The event ended After 11 seasons, Ottawa Fashion Week pulled the plug on the semi-annual showcase of designers. in 2014.

In 2024 a new owner Kataryn Tataryn is running the events and shows under the name Fashion Week Ottawa with the original owners blessing.

== Venue ==

In 2012 the venue for the events was the Ottawa Convention Centre, which is a newly built glass and steel building of architectural interest, a landmark in the city's landscape, situated by the banks of the Rideau Canal. The main event was held in the spacious Canada Hall and the pre-function space overlooking the canal.
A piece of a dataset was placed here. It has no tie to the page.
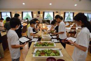 本日の朝食はビュッフェ形式です。自分で食べるものを選んで、朝食の用意をします。

In 2013 and 2014 the event was held at the Casino Lac Leamy in nearby Gatineau, Quebec.

In 2024 Kataryn revived the show and the venue for the events was The Art Court in Ottawa, The Arts Court is a vibrant cultural hub where the creative community gathers to use state-of-the-art spaces while collaborating with Ottawa’s leading artists and multi-disciplinary arts organizations.

== Well-known labels ==

Some well-known labels that have showcased at Ottawa Fashion Week include Rudsak, House Tataryn, Vibe the People, Jessica Biffi, Adrian Wu, Jeanne Beker, Simon Ekrelius, Joseph Ribkoff, and Elene Hinke.